突然ですが、次の2つの文を読み比べてみてください。どちらが自然だと思いますか。
1. 彼女の口紅は、日によって、赤だったりオレンジだったりする。
2. 私は、赤だったりオレンジだったり、暖かい色が好きだ。
多くの人は、1がより自然だと感じるのではないでしょうか。「~だったり~だったり」という言い方は、口紅の色が日によって変わるように、場合によって変わるものを並べるときに使います。2のように単純に並べる場合は、ふつう、「赤やオレンジなど」「赤とかオレンジとか」などと言うところです。
でも、2のような言い方もよく聞かれます。たとえば、女性歌手がインタビューで次のように答えていました。
〈〔理想の〕男性像はですね、やっぱり頼れる雰囲気のある人だったり、仕事ができる人だったり、なんか引っ張ってくれそうな方が……。〉〔岡本真夜〕(東京MXテレビ「Bayside Cafe」2006.10.29 20:30)
これはべつに、理想の男性像が、ある場合には頼れる雰囲気の人で、またある場合には仕事ができる人だということではありません。「頼れる雰囲気の人や、仕事のできる人など、引っ張ってくれそうな人」と、単純に例を並べているのです。
「だったり」のこのような使い方は、昔の文章には見られず、どうやら近年の言い方だと考えられます。口頭だけでなく、文章でも、次のように出てきます。
〈〔この小学校の〕校内を歩くと、廊下だったり、階段の踊り場だったりあちこちに「お薦め本」の掲示がある。〉(『毎日新聞』2008.1.23 p.11)
これは、「廊下にも階段の踊り場にも掲示がある」ということで、昔なら「だったり」という言い方は使わなかったでしょう。

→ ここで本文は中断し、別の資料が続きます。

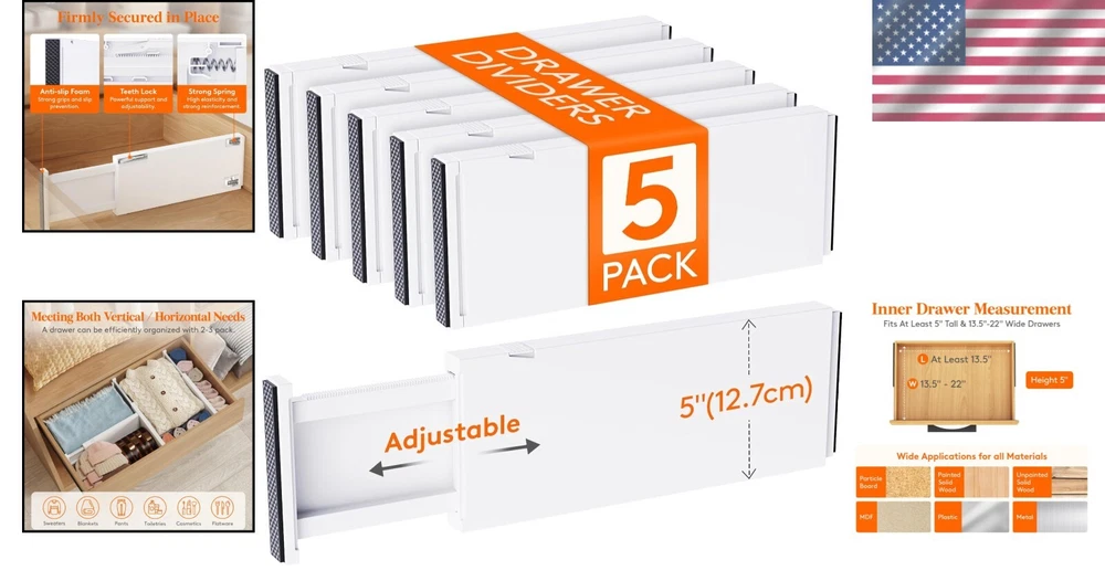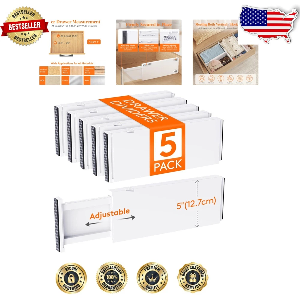Versatile 5 Pack Drawer Organizers - Adjustable for Clothes, Kitchen, and Office ‹ › ‹ › ‹ › ‹ › ‹ › ‹ › ‹ › ‹ › ‹ › ‹ › Versatile 5 Pack Drawer Organizers - Adjustable for Clothes, Kitchen, and Office Features: Expandable & Adjustable: Our drawer dividers easily fit into most drawers and cabinets, measuring 0.8" in width, 5" in height, and adjustable in length from 13.5" to 22". Easy to Use: Adjust the length with the top button for a secure fit, providing strong spring tension that keeps the drawer organizers upright. Advanced Design: Made from stable ABS material with high-quality EVA foam sponges at the ends to prevent scratches and damage, leaving no trace or residue. Multipurpose: Perfect for any drawer in your home or office, ideal for organizing clothes, kitchen utensils, office supplies, makeup, and bathroom clutter. Customizable Placement: Available in sets of 5 or 8, arrange them vertically or horizontally to suit your organizing needs. Benefits: Transform chaotic drawers into organized spaces. Accommodate a variety of items, making it simple to find what you need. Durable and reliable materials ensure long-lasting use. Easy installation and retraction mean no fuss for you! Customizable to fit your unique storage needs for ultimate flexibility. Why choose our Versatile 5 Pack Drawer Organizers? Are you overwhelmed by cluttered drawers filled with miscellaneous items? Our Versatile Drawer Organizers are here to save the day! With adjustable lengths and a patented design, these storage solutions offer a tailored organizing experience. Made with high-quality materials that protect your drawer interiors, they ensure that your belongings remain in tip-top shape while providing maximum functionality. Transform your spaces into the epitome of organization and ease—order your set of Versatile Drawer Organizers today! Shipping Free & Fast Shipping - We offer free shipping to most of the USA with a normal delivery time of 3-7 days. However, due to the current situation, additional delivery time (up to 3 weeks) may be required for some items. Alternative Carriers - We may use alternative carriers (e.g. USPS, FedEx, UPS, etc.) to ensure your package arrives safely and on time. Due to the use of multiple carriers, we are unable to provide a tracking number automatically. Handling Time - Orders are processed and shipped within 1-2 business days of receiving cleared payment. Shipping Restrictions - Shipping to Alaska, Hawaii, Puerto Rico, Guam, and other US territories may incur shipping charges or delivery restrictions. Please contact us before ordering, or your order can be refunded/cancelled. State Restrictions - There may be restrictions based on your state of purchase. For example, certain items may not be shipped to California due to state regulations. Contact for Tracking Updates - If you require tracking updates or have any concerns about the delivery of your order, please feel free to contact us, and we will be happy to assist you. Return 30-Day Hassle-Free Returns - We want you to be completely satisfied with your purchase. If you are not, you can return the item within 30 days of receiving it for a full refund or exchange. Easy Return Process - To start a return, simply contact us and we will provide you with a prepaid return shipping label and detailed instructions. Restocking Fee - There are no restocking fees for returns. However, the buyer is responsible for return shipping costs if the return is not due to a seller's error. Refund Processing Time - Refunds will be processed within 5 business days of receiving the returned item in its original condition. Payment We accept all major credit cards, PayPal, and Apple Pay for your convenience. Your payment information is secure and encrypted to ensure a safe and seamless transaction. Please complete your payment within 3 days of purchase to avoid any delays in shipping. Feedback Your feedback is extremely important to us. We strive to provide the best products and customer service possible. If you are satisfied with your purchase, please take a moment to leave us a positive review. If you have any concerns or issues with your order, please contact us before leaving negative feedback. We are committed to resolving any problems and ensuring your satisfaction. Contact Us If you have any questions or concerns, please feel free to reach out to our customer support team. You can contact us through the eBay messaging system. We are available Monday to Friday, 9:00 am to 5:00 pm EST, and we will do our best to respond to your inquiry within 24 hours. Buy it now and enjoy a pleasant shopping experience! UPC: Not Set Unit Quantity: 5.0 Material: Plastic,ABS,EVA foam Mounting: Free Standing Features: Adjustable,Expandable Care Instructions: Clean with Damp Cloth Brand: Unbranded Item Height: Drawer Dividers Item Length: Drawer Dividers Item Width: Drawer Dividers Type: Drawer Organizer Number of Shelves: 1 Item Depth: 13.5 in Item Weight: 3.68 lb MPN: Not Set Model: Not Set Number of Items in Set: Five-Piece Color: White Number in Pack: 5 Number of Compartments: 5 Finish: Glossy Style: Modern Country/Region of Manufacture: Not Set Pattern: Not Set Original/Reproduction: Not Set Unit Type: Unit Assembly Required: Not Set

「だったり(であったり)」のこういう用法がいつごろから広まったか、正確に言うのはむずかしいのですが、今では「AとかBとか」「AだのBだの」「AやらBやら」などと同じ、並立助詞的な用法が成立していることは無視できません。そこで、『三省堂国語辞典』では、今回の第六版で「だったり」という連語の項目を特に立てました。上の1・2に示したように、用法を2つに分けて説明しています。